The CVS is composed of numerous interacting and dynamically regulated physiological subsystems which each generate measurable periodic components such that the CVS can itself be presented as a system of weakly coupled oscillators. The interactions between these oscillators generate a chaotic blood pressure waveform signal, where periods of apparent rhythmicity are punctuated by asynchronous behaviour. It is this variability which seems to characterise the normal state. We used a standard experimental data set for the purposes of analysis and modelling. Arterial blood pressure waveform data was collected from conscious mice instrumented with radiotelemetry devices over $24$ hours, at a $100$ Hz and $1$ kHz time base. During a $24$ hour period, these mice display diurnal variation leading to changes in the cardiovascular waveform. We undertook preliminary analysis of our data using Fourier transforms and subsequently applied a series of both linear and nonlinear mathematical approaches in parallel. We provide a minimalistic linear and nonlinear coupled oscillator model and employed spectral and Hilbert analysis as well as a phase plane analysis.

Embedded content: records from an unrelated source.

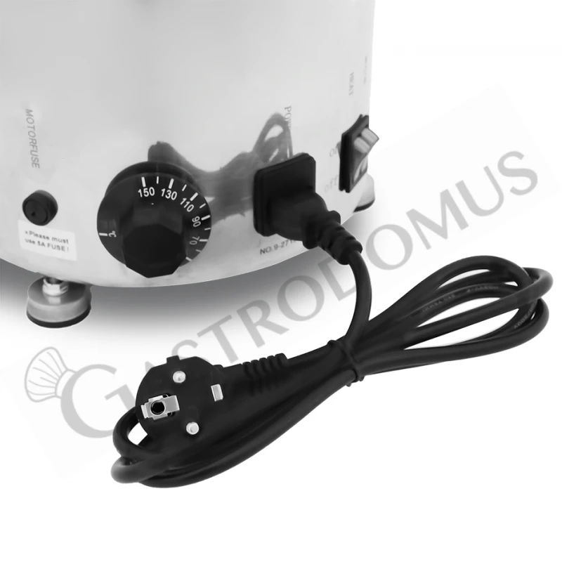 La macchina ha bisogno di essere preriscaldata per 15 minuti prima di aggiungere il cioccolato. Trascorso il tempo del riscaldamento dell’apparecchiatura, si può inserire il cioccolato tritato nella vasca della fontana in modo tale che inizi a sciogliersi. Si consiglia di mescolare con un cucchiaio di legno a intervalli di 10 minuti per accelerare la fusione ed evitare che il cioccolato si attacchi.
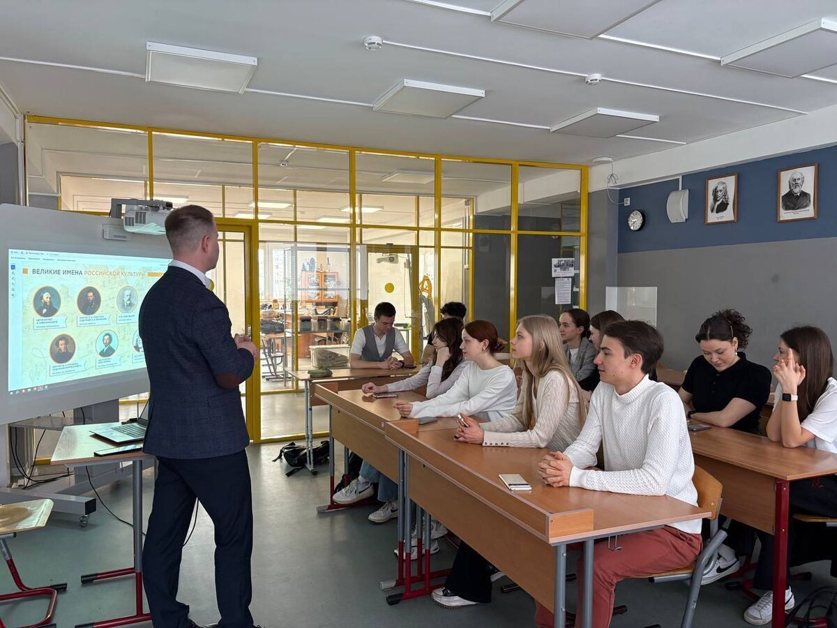 🎶 Разговоры о важном: «Служение творчеством. Зачем людям искусство? 185 лет со дня рождения П. И. Чайковского.» Сегодня традиционно неделя в нашей школе началась с увлекательного занятия в рамках проекта «Разговоры о важном». Ученики 11 «П» класса вместе с Сергеем Андреевичем обсудили такие важные темы, как искусство музыки и подробнее узнали про: 🤩Россия — страна с богатейшим культурным наследием; 🤩Творчество — естественная потребность человека, отличающая его от искусственного интеллекта; 🤩Искусство — язык диалога поколений, эпох и народов; 🤩П. И. Чайковский — великий русский композитор, внесший значительный вклад в формирование культурного облика России ее культурного кода. 🤩 В этом году исполняется 185 лет со дня рождения величайшего русского композитора Петра Ильича Чайковского. Без его музыки невозможно представить российское и мировое искусство. Произведения искусства — это результат творческого переосмысления действительности художником, писателем, музыкантом или
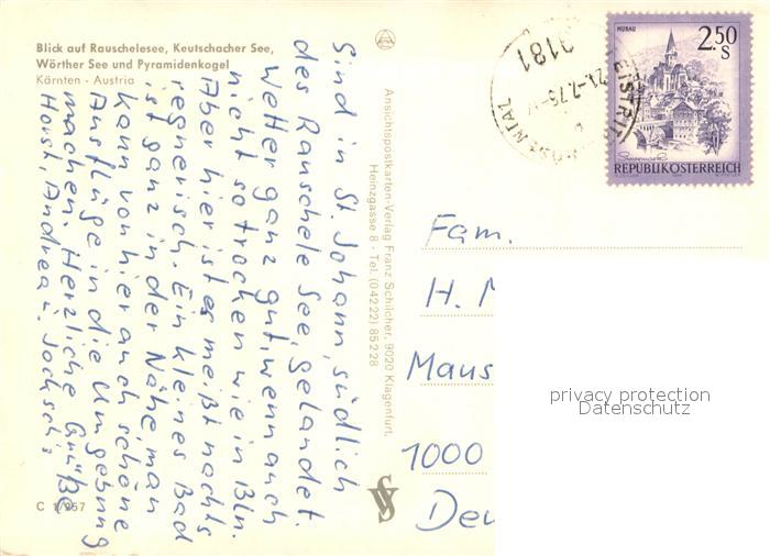 73682653 alte Postkarte Keutschach See Fliegeraufnahme mit Rauschelesee Woerthersee und Pyramidenkogel postalisch gelaufen Erhaltung siehe scans [WerneD78] KatCode: 11390211020412
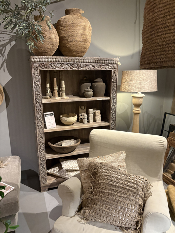 Grote oude open houten kast legplanken winkelkast schoenenrek sober landelijk stoer groot hout vergrijsd beige boekenkast keukenkastGrote oude houten kast
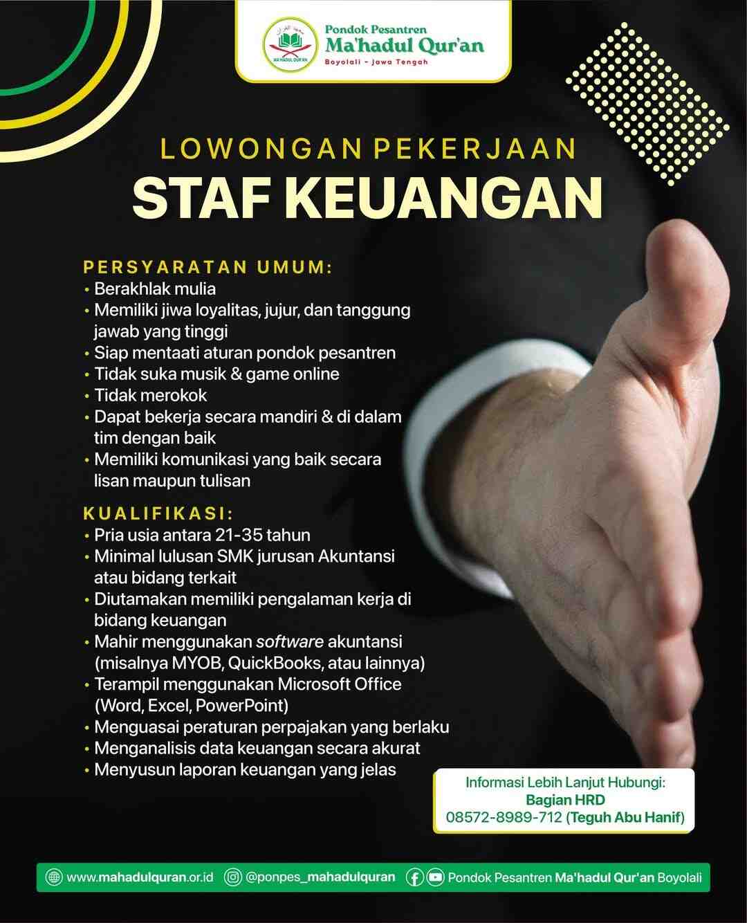 [DIBUKA] Lowongan Pekerjaan – Staf Keuangan (Pondok Pesantren Ma’hadul Qur’an – Boyolali)
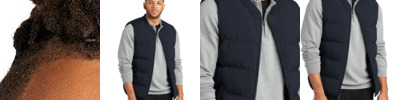 With wider baffles for a modern look, this water-resistant puffer looks cool while keeping you warm. 100% polyester shell and lining Molded center front zipper Interior storm flap Interior right chest pocket Zippered hand pockets Insulation method: 4.4-oz. polyfill Water protection method: water-repellent finish Port Pocket for decoration access Adjustable hem with locking drawcord
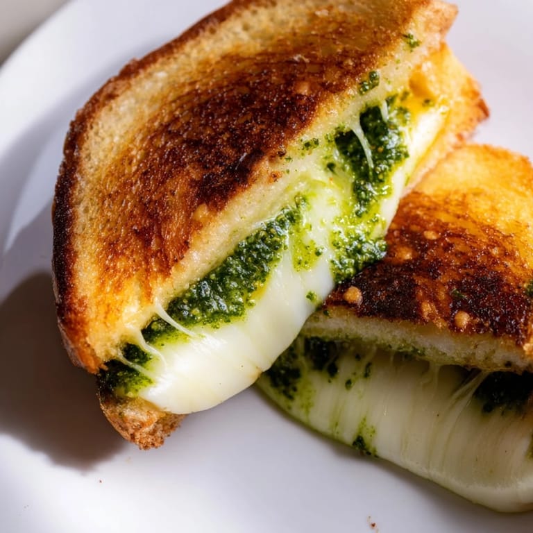 Pin It A rich and flavorful twist on the classic grilled cheese, featuring thick slices of sourdough bread layered with aromatic basil pesto and a blend of melty cheeses, grilled to golden perfection. This Italian-inspired sandwich is the perfect easy vegetarian meal for any time of day.
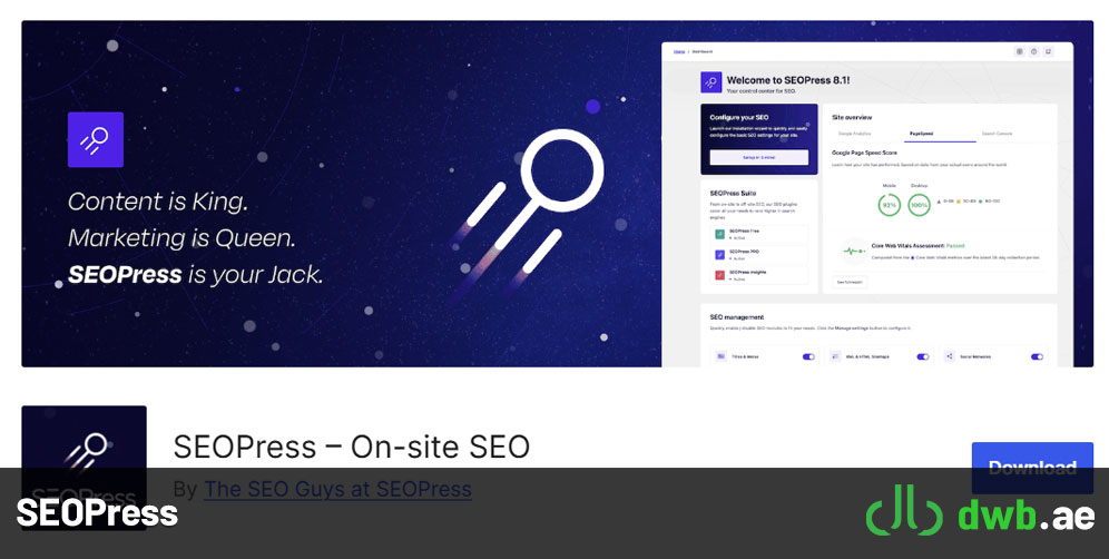 SEOPress is a strong contender for anyone looking for an all-in-one SEO solution. It combines the features of Yoast and Rank Math while maintaining an easy-to-use interface. This plugin is particularly favored for its white-label capabilities, making it a go-to choice for agencies like DWB.
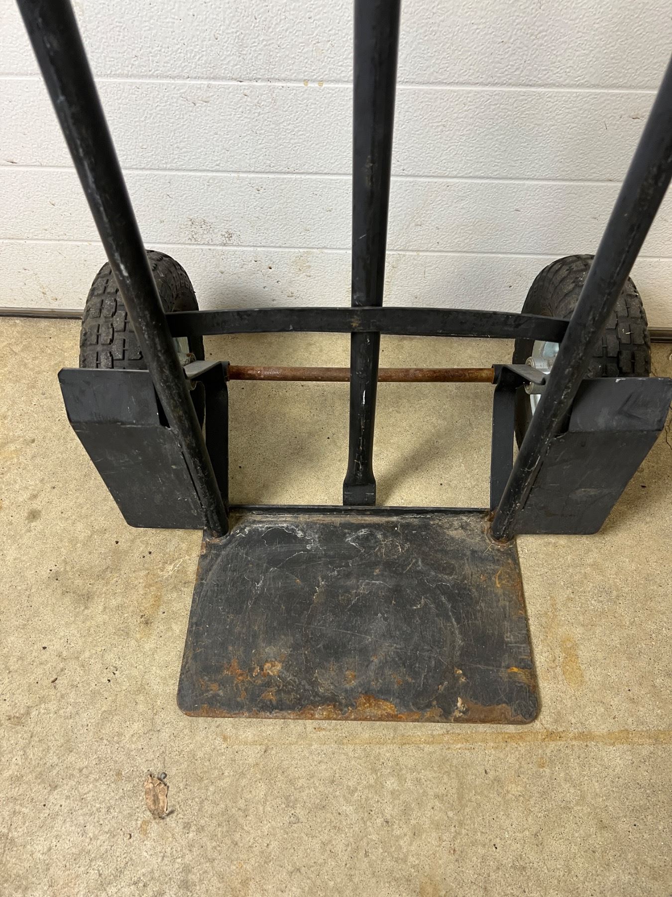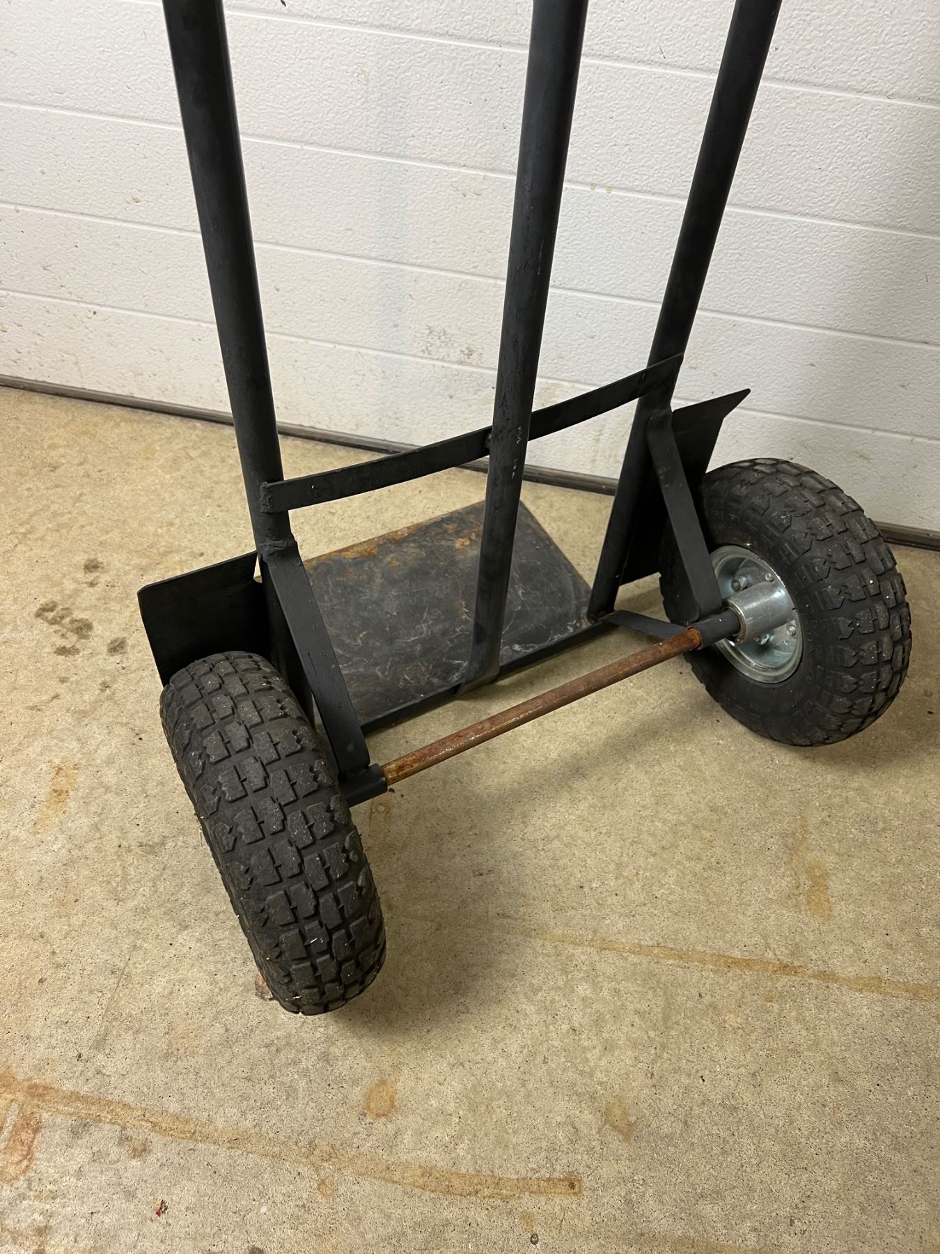 Rust and wear to base. Wheels are both low on air. Stands 52" tall.
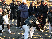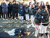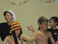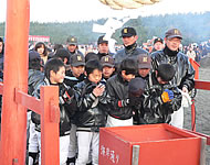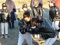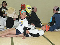 | 鬼だ〜!怖い〜! お面を取ったらもっと怖い〜! 練習試合後のほんの一時・・・ | ||
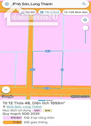 bán lô đất dt 1055m² có thổ cư xã bình sơn , long thành giá 9,2 tỷ
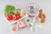 鍋にサラダ油を中火で熱してベーコンを炒め、香りが立ってくれば<スープ>を加える。
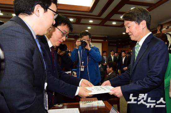 국민의당 안철수 대선후보가 15일 오전 과천 중앙선거관리위원회에서 대선후보자 등록을 하고 있다.
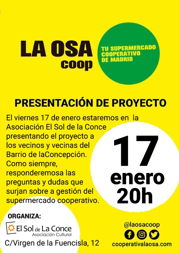La presentación del Supermercado Cooperativo LA OSA comenzará a las 20:00 h en la sede de la Asociación Cultural El Sol de La Conce. Te recordamos la dirección: C/ Virgen de la Fuencisla, 12. <M> Barrio de La Concepción.
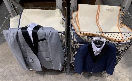 Approximately forty BB-BOUM formal suit jackets, shirts and bow/tie sets, various sizes in protective zip bags.
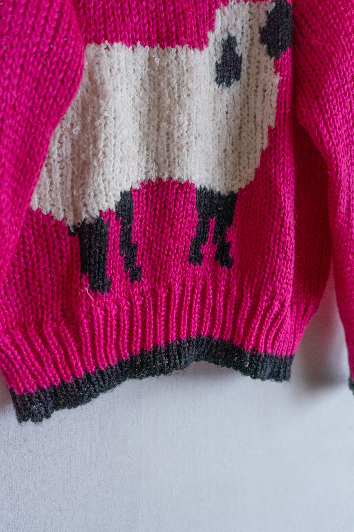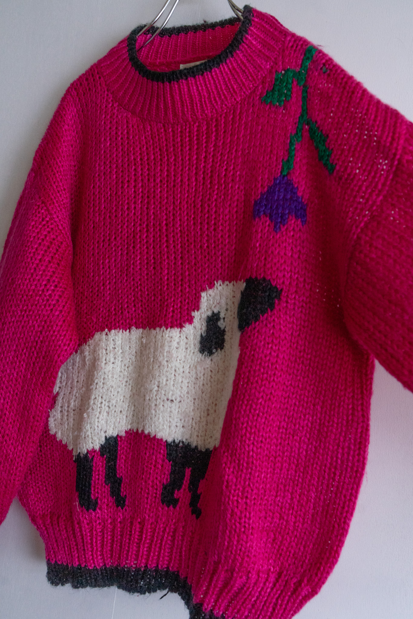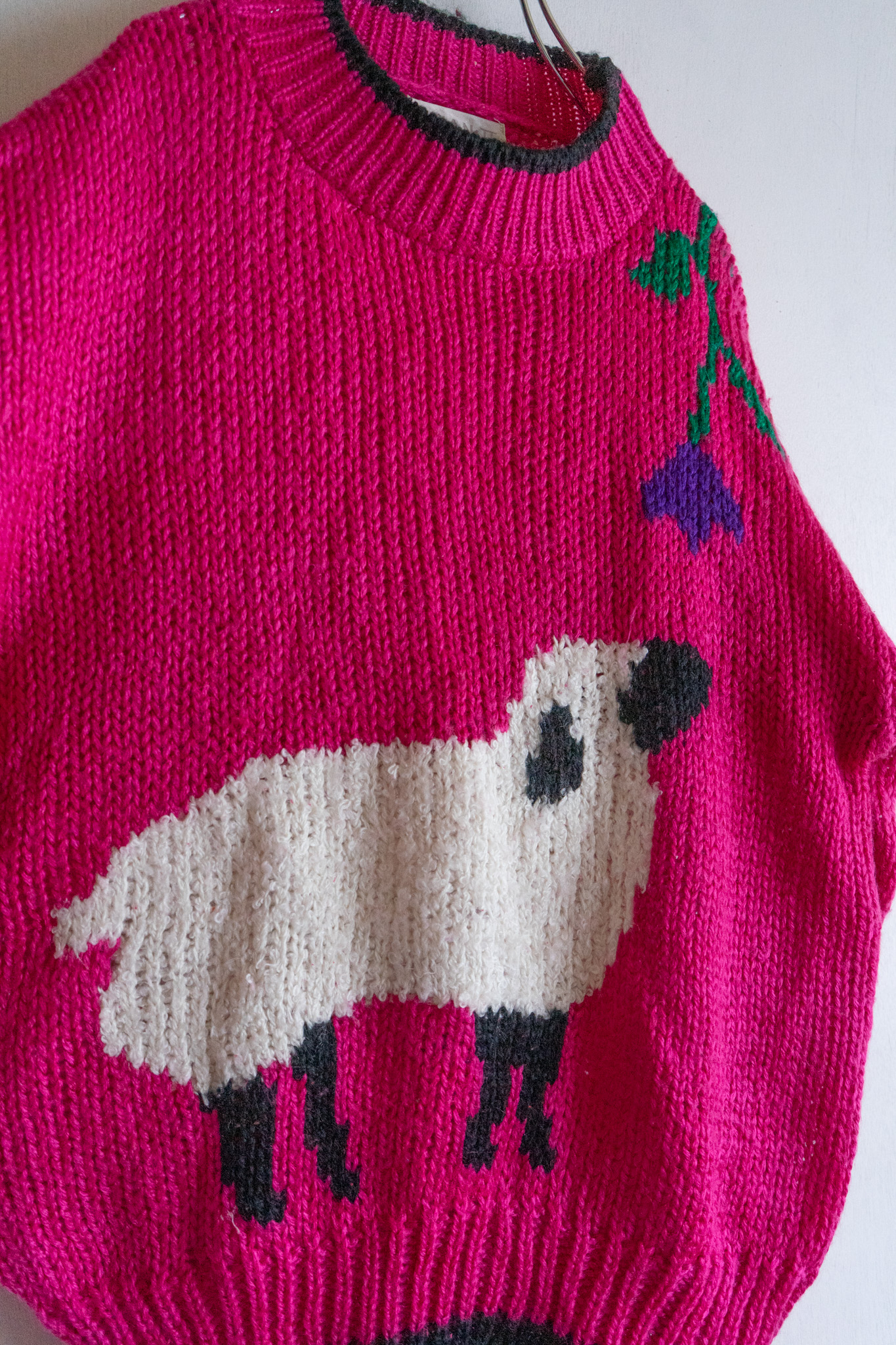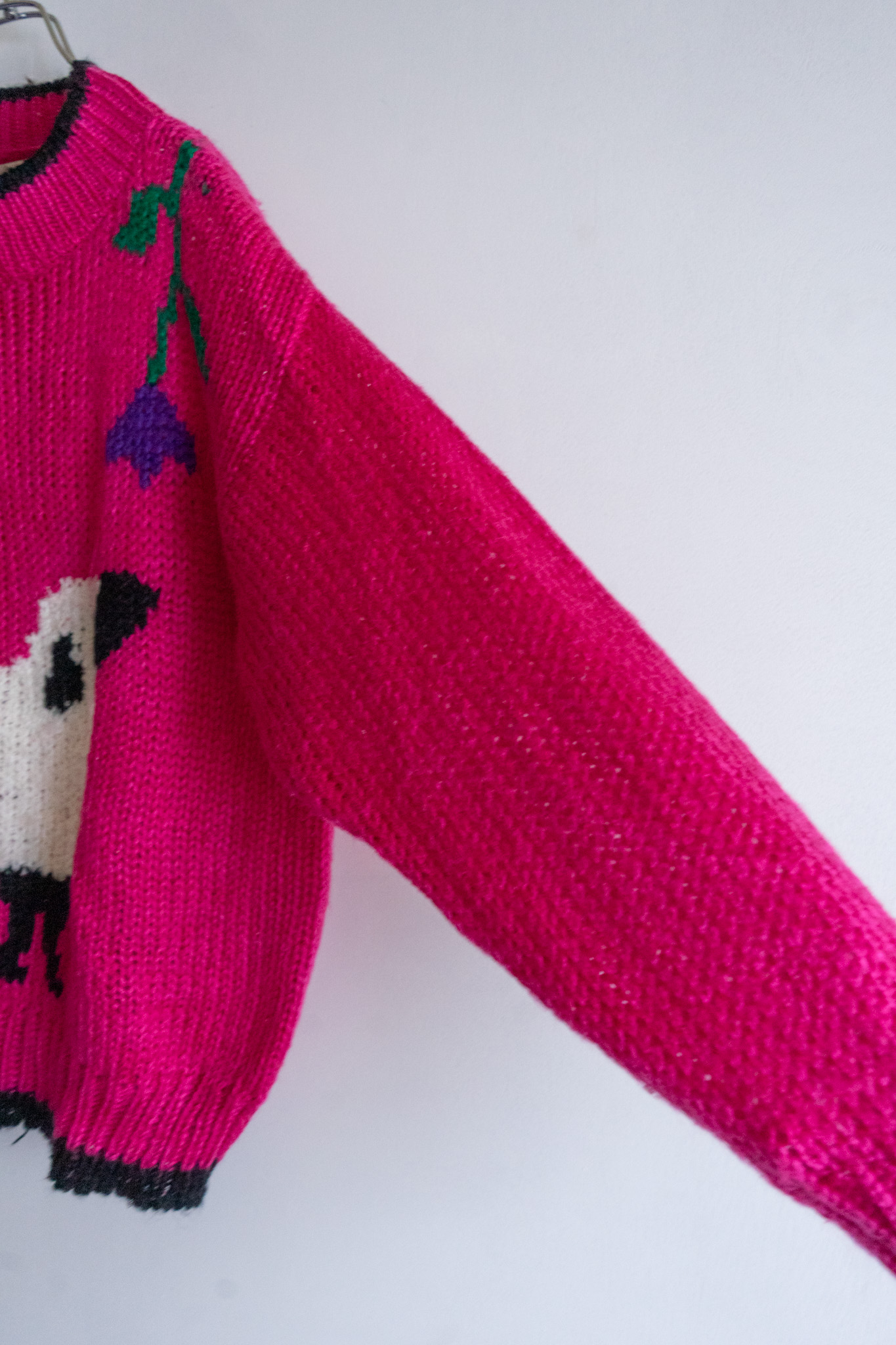 80's Sheep & Flower Pattern Vivid Pink Sweater

This provides a route to a three way synergistic investigation of the original blood pressure data by a combination of physiological experiments, data analysis viz. Fourier and Hilbert transforms and attractor reconstructions, and numerical solutions of linear and nonlinear coupled oscillator models. We believe that a minimal model of coupled oscillator models that quantitatively describes the complex physiological data could be developed via such a method. Further investigations of each of these techniques will be explored in separate publications.